AWS Startups Blog
Affinio: Discovering Niche Communities Online
Affinio is a social network intelligence startup built around the idea that groups can best be analyzed by their social connections. Using clustering algorithms to find niche communities on Twitter, Pinterest, and Instagram, their platform lets you dive into the interests and relationships most central to a social network.
What led you to create Affinio?
For a previous product we worked on, we wanted to learn who was talking about us online — on Twitter, mostly. We looked at existing solutions and saw that most of them were content based, employing sentiment analysis of tweets and monitoring Twitter activity for popularity growth, etc. The problem is that there are an awful lot of people who used our products, even followed us online, that never tweeted about us or even tweeted at all. If looking at content for analysis couldn’t tell us what we needed to know, we figured that looking at network connections would.
What are some lessons you learned as you brought Affinio to market?
Doing analyses on large social networks is as much about noticing distinctions as it is noticing similarities. Although originally we expected to see a lot of “These groups behave in a similar way, and that’s relevant because we can share content to both of them,” more often it’s about “These groups behave in distinct ways; we should figure out how to change our approach to address both of them.” For some of our clients this means creating blog content to cater to multiple groups; for others it’s about changing advertising strategy.
Because of the wide range of use cases, we’ve gone through several iterations with the kind of data we present to a user. It can be easy to overshare data about a group (“The most shared link is this ice bucket challenge video”) but much harder to look at which data is uniquely relevant (“This commonly shared link is all but ignored in this community; here’s why”). It’s important to balance wanting to share lots of insights to address a wide range of users with curating the data we provide to show the most relevant parts.
What technologies do you leverage at Affinio?
Our reporting infrastructure is set up by having an Elastic Load Balancing load balancer in front of our Amazon EC2 instances running Apache2 as a web server. User profiles are stored in Amazon DynamoDB for login verification and report metadata storage. Requests are routed to the correct servers via Amazon Route 53. The entire front end is built on top of Ember.js with Woopra set up to track how our users are using the platform. Contact management with our customers is handled via Close.io.

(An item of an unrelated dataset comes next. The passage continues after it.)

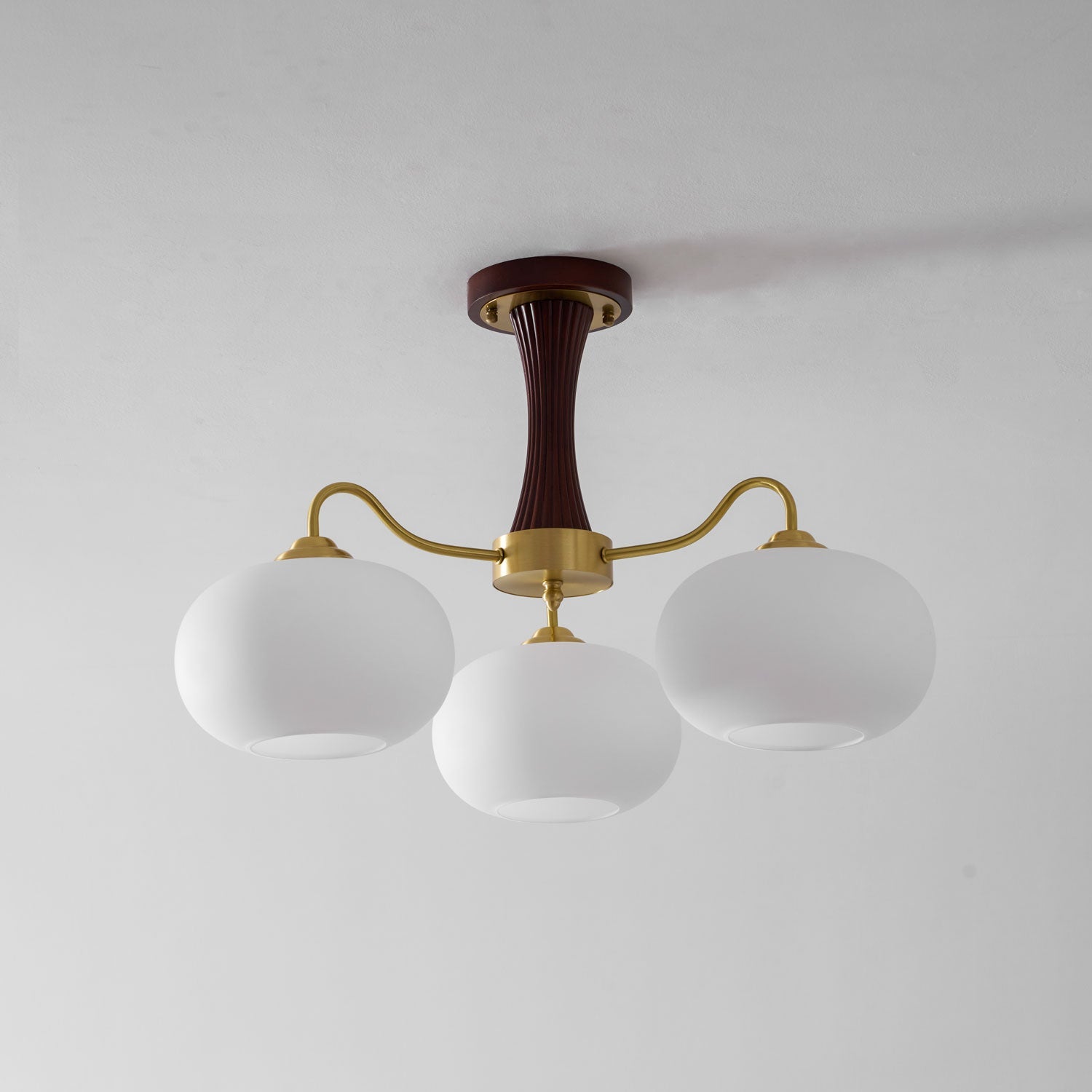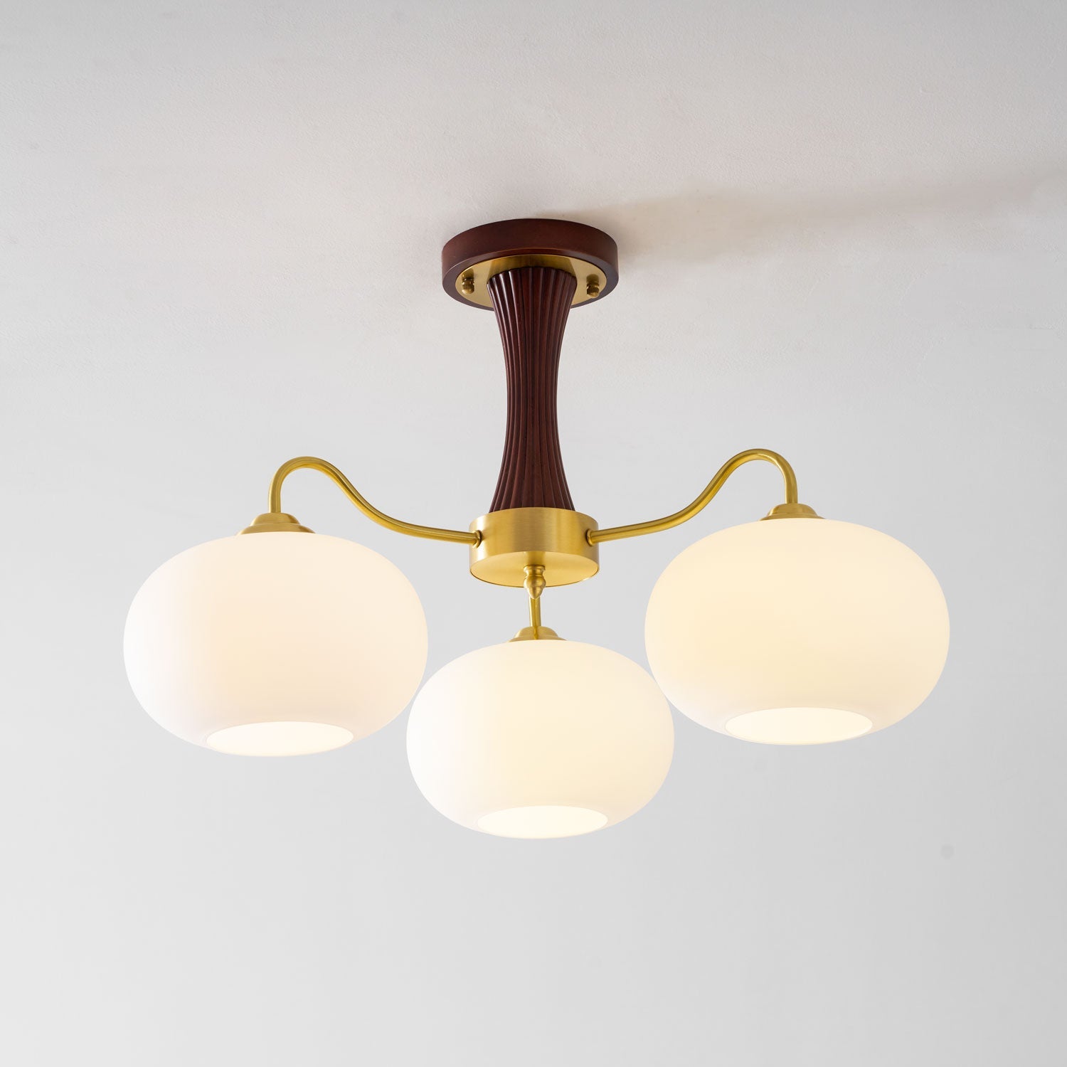 The Velmirae chandelier blends rich brass detailing with beautifully balanced wooden elements, creating a design that feels both romantic and refined. Inspired by the gentle form of persimmon fruit, Velmirae introduces softness and warmth into a space, while the white glass shades diffuse light into a calm, inviting glow that enhances living rooms, hallways and bedrooms alike. Crafted to bring depth and character to contemporary and classic interiors, Velmirae pairs natural wood tones with luminous brass for a look that feels effortlessly elevated. Whether suspended above a dining table or positioned as a statement in an entrance hall, Velmirae transforms everyday lighting into a moment of quiet luxury.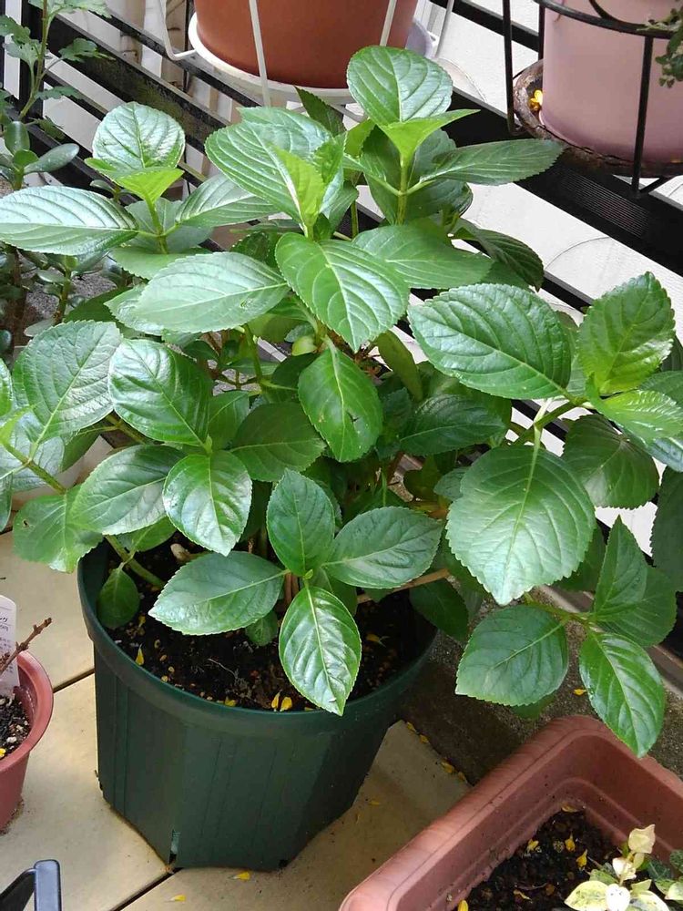 先日鉢が小さくなり、大きな鉢に植え替えた紫陽花(金平糖)💜🌼

A user request for a new report gets sent to Amazon SQS. A cron task continuously monitors the SQS queue and launches an Amazon EMR cluster when a new job is available to run. Once initialized, the EMR cluster runs several Hadoop jobs, which go out and fetch the raw data required for the current report. When the data fetching is complete, the EMR cluster runs several Apache Spark jobs to crunch and process the data. Once this is finished, the output report data is stored in Elasticsearch, and larger objects are stored in Amazon S3. Report and user metadata is pushed to DynamoDB. The user is then notified that the report is ready through Amazon SES.
Why did you choose to build on AWS?
AWS provides services that address several levels of our technology stack with benefits that are greater than the sum of its parts. The low cost and pay-for-use pricing is an ideal fit for a company like Affinio.
Being able to test new ideas on the fly by launching large numbers of varied compute architectures is ideal for processing and analyzing the vast amounts of social data that we acquire for our customers. Without AWS this would require us to obtain resources to set up, configure, and maintain systems that are not a core focus for our company. With AWS handling this workload we can focus on what really matters for our customers.
Where do you see Affinio going in the near future?
The best part about opening up a new source of data is that our clients get to decide how their new insights can best be applied. We’re working closely with our users to see how our data best serves them. Right now we give users the power to curate their digital strategy for unique communities within their audience. Next steps might be allowing them to monitor that strategy and see whether they need to make changes. Having the ability to parse social network graphs means we’re also open to the possibility of looking into “more-like-this-user” functionality for audience extension. Advertising also presents plenty of unique opportunities: Social networks like Twitter, Pinterest, and Instagram all have plenty of room to grow in providing catered experience in that space.
Any advice for aspiring entrepreneurs?
Listen to the feedback your customers provide — doubly so if it comes from data! Observing the way a client uses your product can tell you a lot about their expectations and use cases in ways that simply asking them cannot. Even more important is to allow that data to change your approach and your product if needed. No version of your app is worth being so in love with that you can’t change it to what your customers need.